We will start by deriving a dynamic model for the PVTOL with pole system.

It can be seen that the vector \(q=\begin{pmatrix}x&z&\theta&\phi\end{pmatrix}^T\) can be used a generalized coordinates as it uniquely describes the configuration of the system.

Kinematic

Assumingt that the pole is constrained to pivot at the center of the PVTOL, the position of the center of mass of the pole is then given by:

\[\begin{cases} x_p = x - l \sin{\phi} \\ z_p = z + l \cos{\phi} \end{cases}\]

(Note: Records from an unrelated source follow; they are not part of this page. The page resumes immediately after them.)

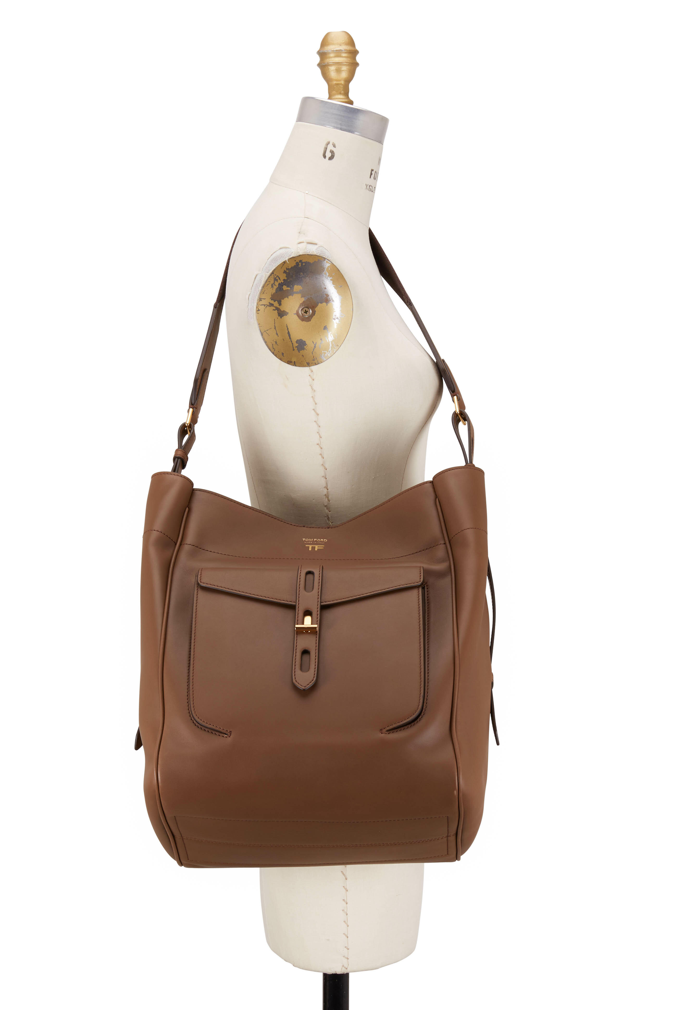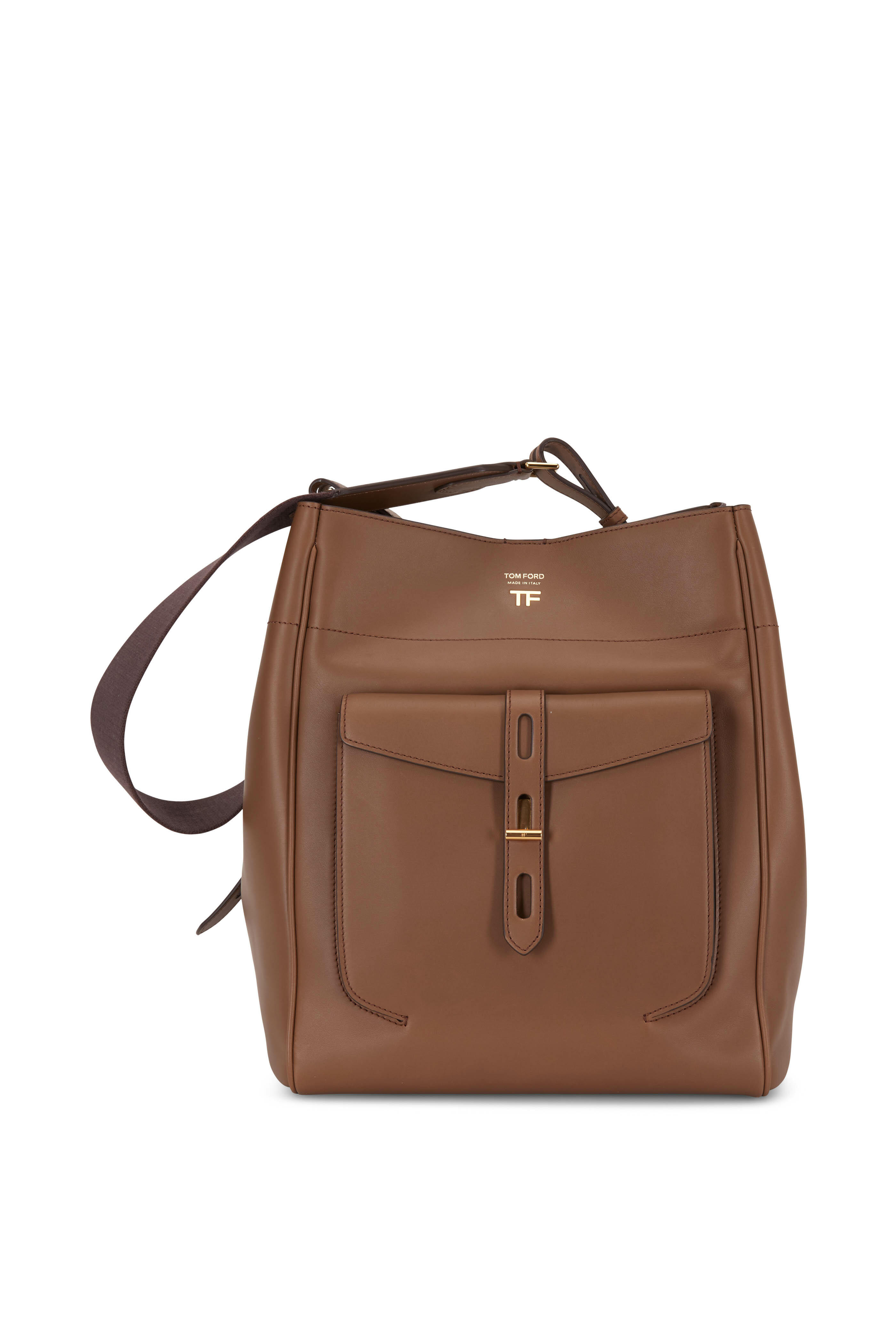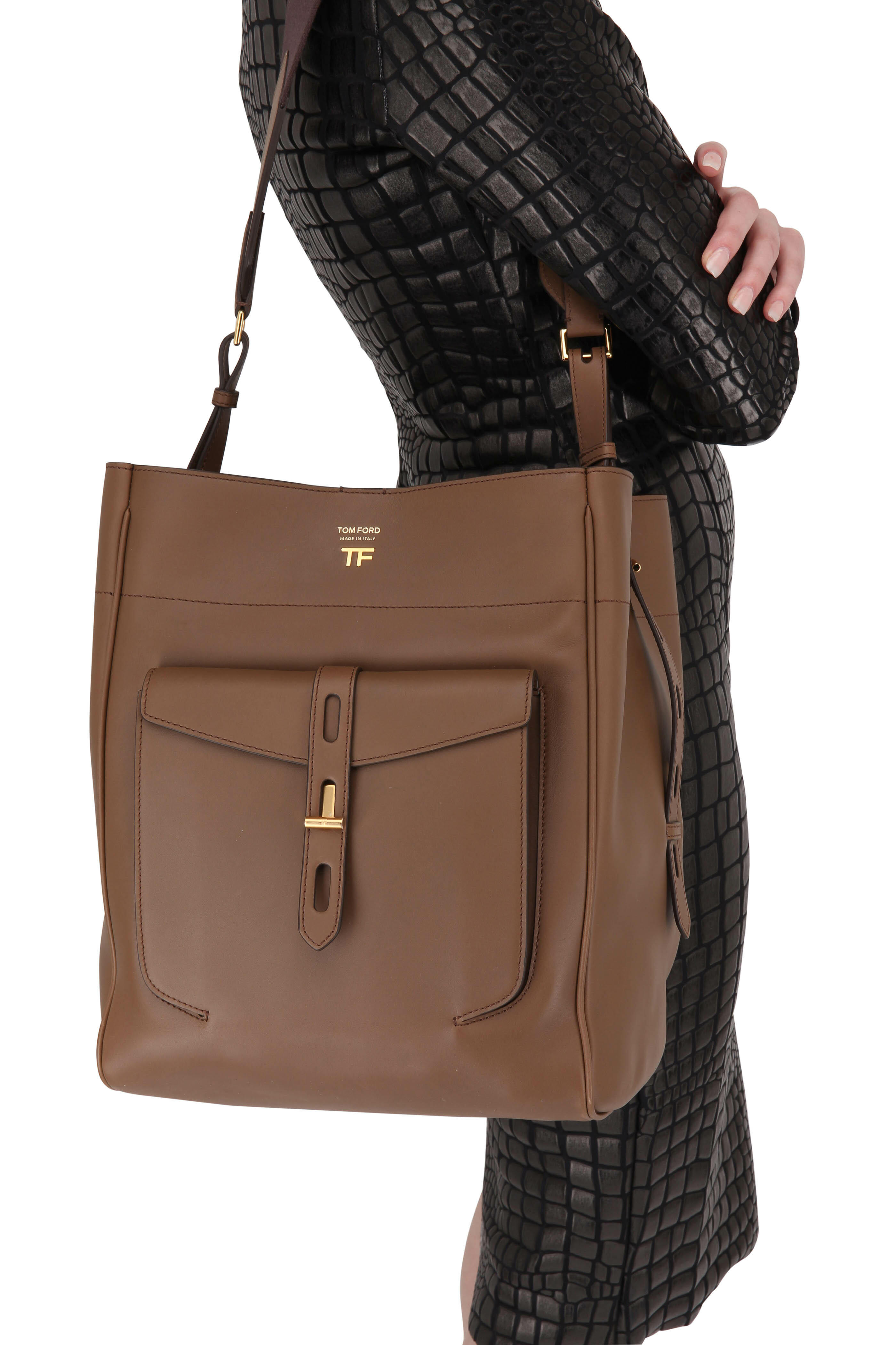 Hollywood leather. Adjustable cotton webbing shoulder strap; straps with die cutted sides. Center snap-tab closure. Front pocket with new signature T hardware closure. Front engraved TF logo. Two interior open pockets, one internal zip pocket. Unlined. Made in Italy. Width: 14". Height: 17". Depth: 4". Adjustable strap drop: 10".
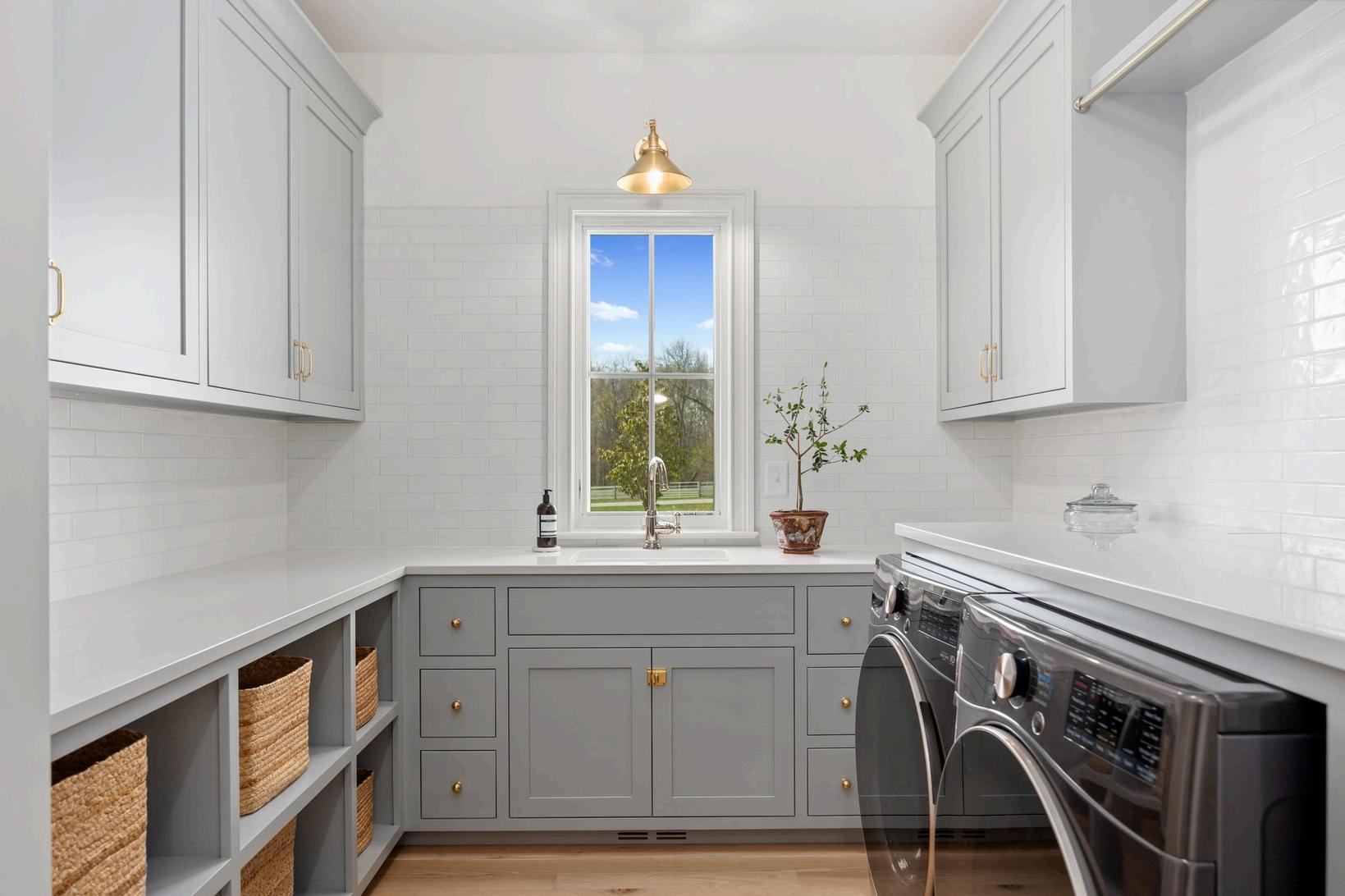 This meticulously designed and custom-built 12x16 butler’s pantry functions as a 2nd kitchen. It’s perfect for meal preparation and storage. Floor-to-ceiling cabinetry is Amish built w/ dovetail design, 23 shelves, 8 large drawers, vertical baking storage, and hookups for small appliances. Granite counters, a Bosch refrigerator, a paneled KitchenAid dishwasher and undermount full-size sink. It’s truly a beautifully crafted functional extension of the gourmet kitchen.
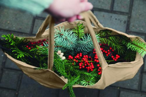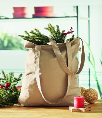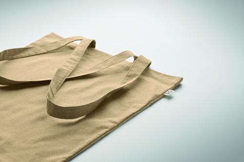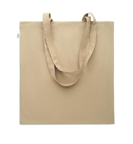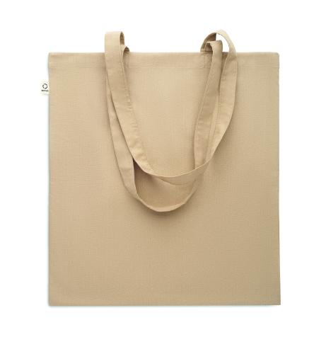 Recycled pre-consumer cotton shopping bag (70% recycled cotton and 30% RPET) with long handles. 140 gr/m². This item can shrink after printing.
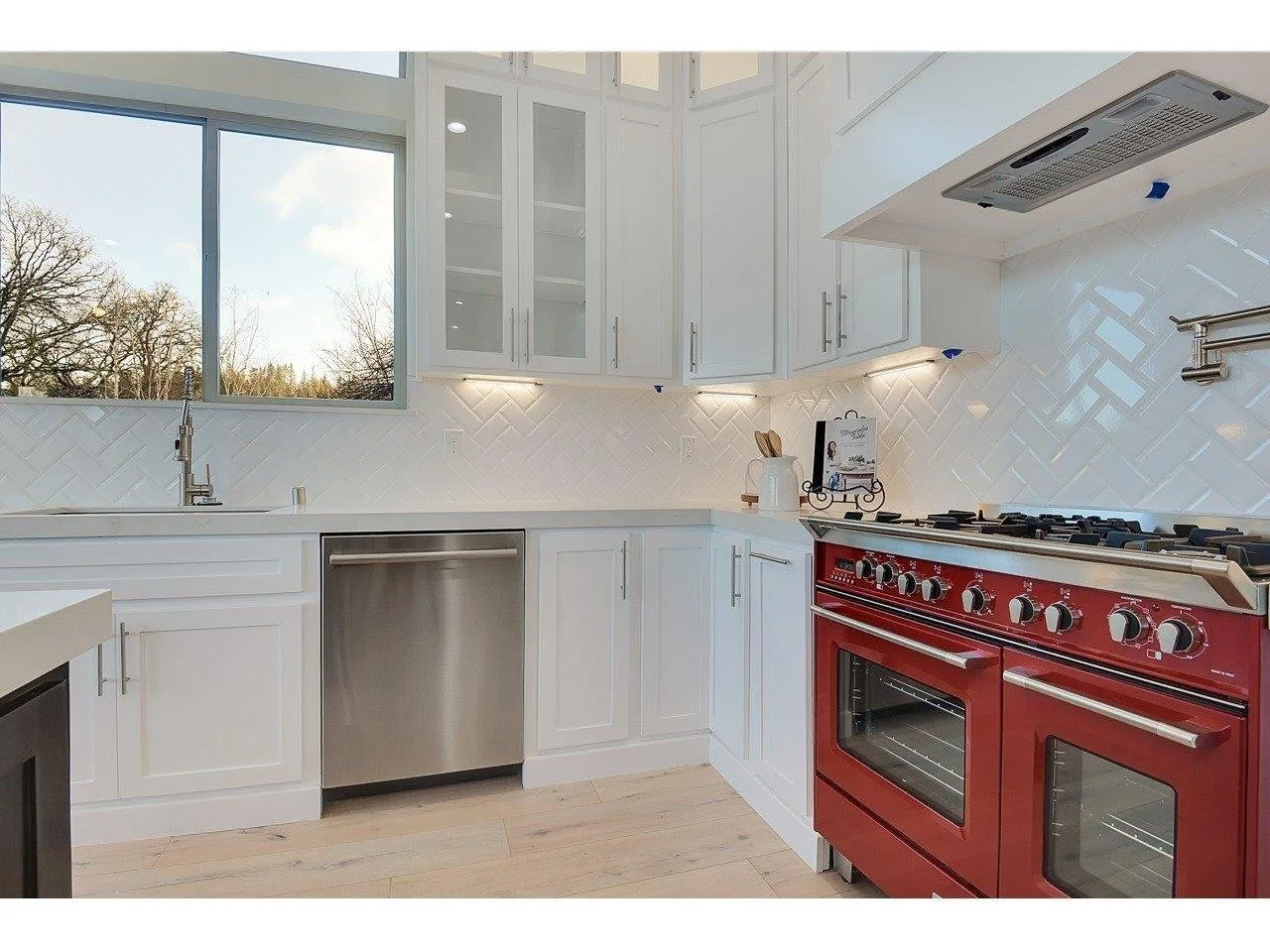 A bright and modern kitchen featuring custom white cabinetry, a herringbone tile backsplash, and premium stainless-steel appliances. The bold red professional range becomes the focal point, adding character and contrast to the clean, elegant design.
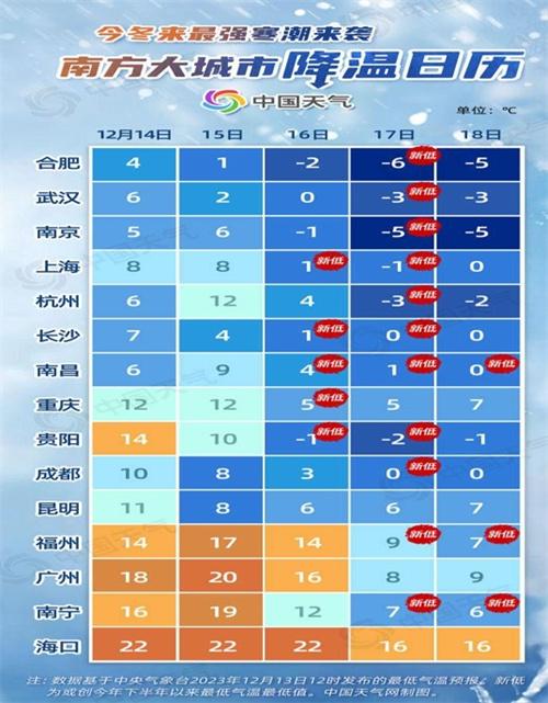 北京时间12月13号,根据中国天气网发布的消息称,今年入冬以来最强的寒潮目前已经启动,这一次的很长时间将会持续到12月16号,而且寒潮的目标将会从西方往东方,从北方往南方的方向去进行,我国部分城市的气温下降程度可能会有14℃左右。对于一些北方城市来说,这一次气温下降,有可能会突破所在城市的一个极值,而南方地区极有可能会出现气温大幅度的下降,在此要提醒所有的市民朋友们,一定要做好防寒保暖。
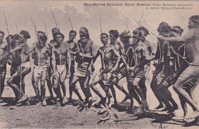 | Keywords: western australia westernaustralia aborigine native indigenous drysdale river mission drysdalerivermission benedictine vintage corroboree outdoor A corroboree is an event where Australian Aborigines interact with the Dreamtime through dance, music and costume. "Their bodies painted in different ways, and they wore various adornments, which were not used every day." The word corroboree was coined by the European settlers of Australia in imitation of an east coast local Aboriginal Australian word caribberie. (wikipedia) A corroboree is an event where Australian Aborigines interact with the Dreamtime through dance, music and costume. "Their bodies painted in different ways, and they wore various adornments, which were not used every day." The word corroboree was coined by the European settlers of Australia in imitation of an east coast local Aboriginal Australian word caribberie. (wikipedia) |
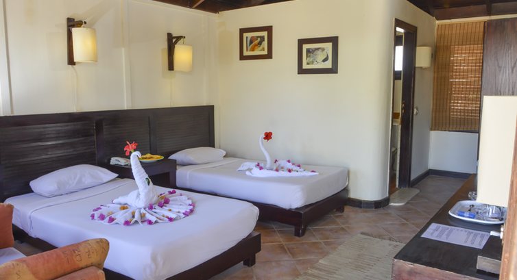 Мы отдыхали с 25.04 по 06.05, отель был заселен на 30% русскими и итальянцами пополам. Состоит из бунгало по 2-4 номера в каждом. Между номерами тонкие перегородки из гипсокартона, так что слышно, как соседи чихают. Интерьер в скромном дачном варианте, кондиционер в каждом номере свой, работает от пульта (+), кровати не скрипят, жить можно.
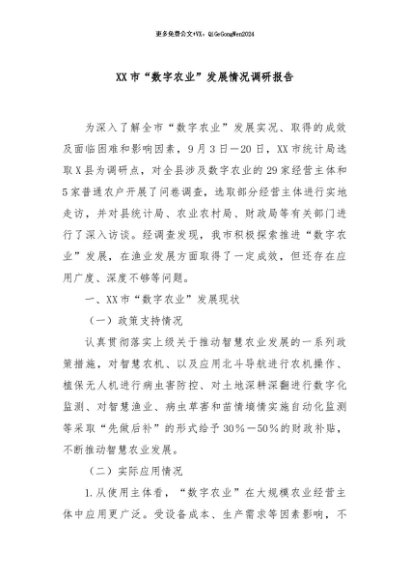 / 【七哥公文】2024年:XX市“数字农业”发展情况调研报告+更多免费公文+VX:QiGeGongWen2024
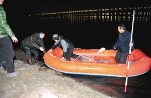 7日晚,因天黑且水流太急,志愿者们返回河岸 记者 翟小雪 摄
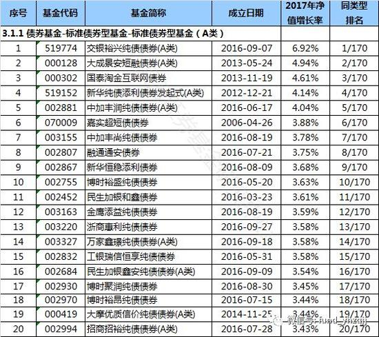 (12)在3.1.1标准债券型基金(A类)中,交银裕兴纯债债券(A类)(基金代码:519774)以6.92%的收益率排名第一,同类型基金业绩今年以来平均上涨1.79% 。
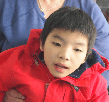 At 1 year old Elliott liked to listen to music and could sit up and hold his bottle of milk. At 1.5 years old he could call for “mama” and “aunt.” He got excited when he saw food and would raise his hands to ask for it. He could dance with music and scream. He was a little afraid of strangers and knew simple gestures and words. At 2 years old he was active and naughty. He liked to sit on a chair with children in his room. He would sometimes fight with other children over toys and would exercise by standing up holding onto something for support. At 3 years old he liked to listen to others talking. He had a good memory and could express well even though he wasn’t speaking much. He liked to eat snacks and continued exercising by standing. At 4 years old he could eat by himself and sang children’s songs. He liked to watch TV and was still unable to stand independently. At 5 years old he received surgery and rehabilitation. At 6 years old his legs were still weak despite exercising. He still needed support to stand and use the toilet. At 7 years old he was talkative and could clearly express his needs. He liked outdoor activities.

Computing the time derivative of the above equation, we get the velocity of the pole’s center of mass as:

\[\begin{cases} \dot{x}_p = \dot{x} - l \dot{\phi} \cos{\phi} \\ \dot{z}_p = \dot{z} - l \dot{\phi} \sin{\phi} \end{cases}\]

Noting \(v^2=\dot{x}^2+\dot{z}^2\) and \(v_p^2=\dot{x}_p^2+\dot{z}_p^2\), the relationship between the pvtol and pole centers of mass velocities is expressed as:

\[v_p^2 = \dot{x}^2 + \dot{z}^2 + l^2\dot{\phi}^2 -2l\dot{\phi}\left( \dot{x}\cos{\phi}+\dot{z}\sin{\phi}\right)\] \[v_p^2 = v^2 + l^2\dot{\phi}^2 -2l\dot{\phi}\left( \dot{x}\cos{\phi}+\dot{z}\sin{\phi}\right)\]

Energy

	Kinetic Energy	Potential Energy
pvtol	$$ T_v = \frac{1}{2} Mv^2 + \frac{1}{2} J \dot{\theta}^2$$	$$ V_v = Mgz$$
pole	$$ T_p = \frac{1}{2} mv_p^2 + \frac{1}{2} j \dot{\phi}^2$$	$$ V_p = mgz_p$$

Lagrangian

\[\mathscr{L} = T - V\] \[\mathscr{L} = \frac{1}{2}Mv^2 + \frac{1}{2} J \dot{\theta}^2 +\frac{1}{2}mv_p^2 + \frac{1}{2} j \dot{\phi}^2 - Mgz - mgz_p\]

Expanding with state variables, we get:

\[\begin{multline} \mathscr{L} = \frac{1}{2} \left( M+m \right) \left( \dot{x}^2 + \dot{z}^2 \right) + \frac{1}{2} J \dot{\theta}^2 + \frac{1}{2} j \dot{\phi}^2 \\ + \frac{1}{2}m\left( l^2\dot{\phi}^2 -2l\dot{\phi}\left( \dot{x}\cos{\phi}+\dot{z}\sin{\phi}\right) \right) - \left( M+m \right) g z - mgl \cos{\phi} \end{multline}\]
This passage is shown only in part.